Revolução tecnológica desafia a morte e o direito à própria imagem

Por Analice Gigliotti
17 jul 2023, 15h20

Foi como um rastilho de pólvora. Em questão de minutos, não se falava em outra coisa nas redes sociais (e fora dela): Elis Regina, “reencarnada” pela inteligência artificial, ao volante de uma Kombi dos anos 70, lado a lado com a filha Maria Rita dirigindo em uma Kombi nova, ambas cantando o clássico “Como nossos pais” em um anúncio de uma montadora de carros.

A internet “quebrou” e as opiniões se dividiram.

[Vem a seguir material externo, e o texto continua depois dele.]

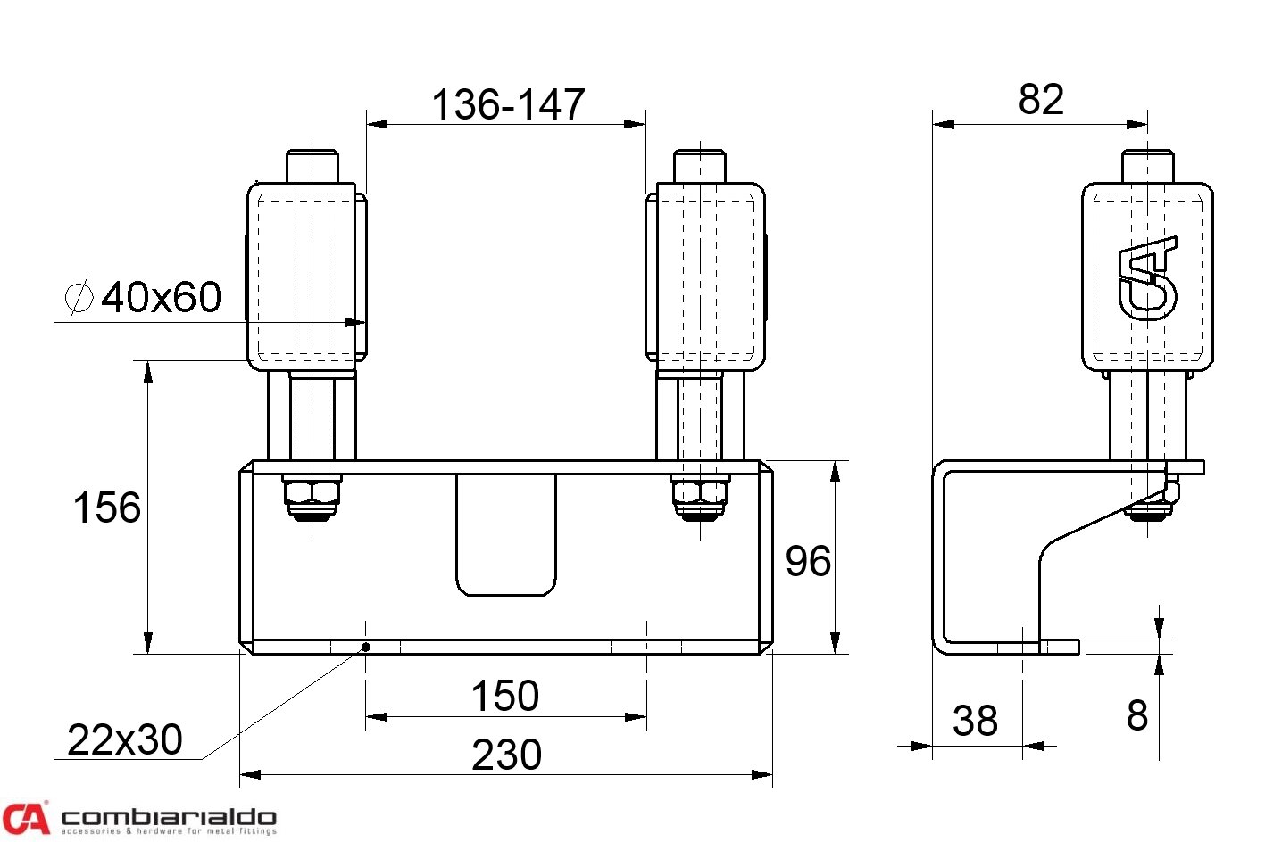 Horní vedení od výrobce Combi Arialdo. Povrchová úprava- pozink. Použití pro posuvné brány.

Uma parte embarcou na proposta nostálgica, ficou tocada com a campanha que apelava diretamente à emoção. A outra, se assustou diante da possibilidade de se ressucitar virtualmente uma pessoa que faleceu há mais de 40 anos, ainda mais com fins tão claramente comerciais e não artísticos.

Com o passar dos dias, a reação só fez crescer. O Conselho Nacional de Autorregulação Publicitária (Conar), iniciou um processo ético para investigar a propaganda após receber queixas de consumidores, que questionaram se o uso da inteligência artificial era ético “para trazer pessoa falecida de volta à vida “. Os três filhos da artista se defendem, dizendo que enxergaram na propaganda a oportunidade de ampliar às novas gerações o conhecimento da obra da mãe.

O fato é que as mudanças tecnológicas ocorreram rápido demais. Nos anos 1990, todo mundo se admirou positivamente quando a tecnologia permitiu um dueto entre a cantora Natalie Cole e seu pai, Nat King Cole, falecido em 1965. Apenas trinta anos depois, estamos vivendo a era da deep fake, com a multiplicação e adulteração da imagem e da voz alheias.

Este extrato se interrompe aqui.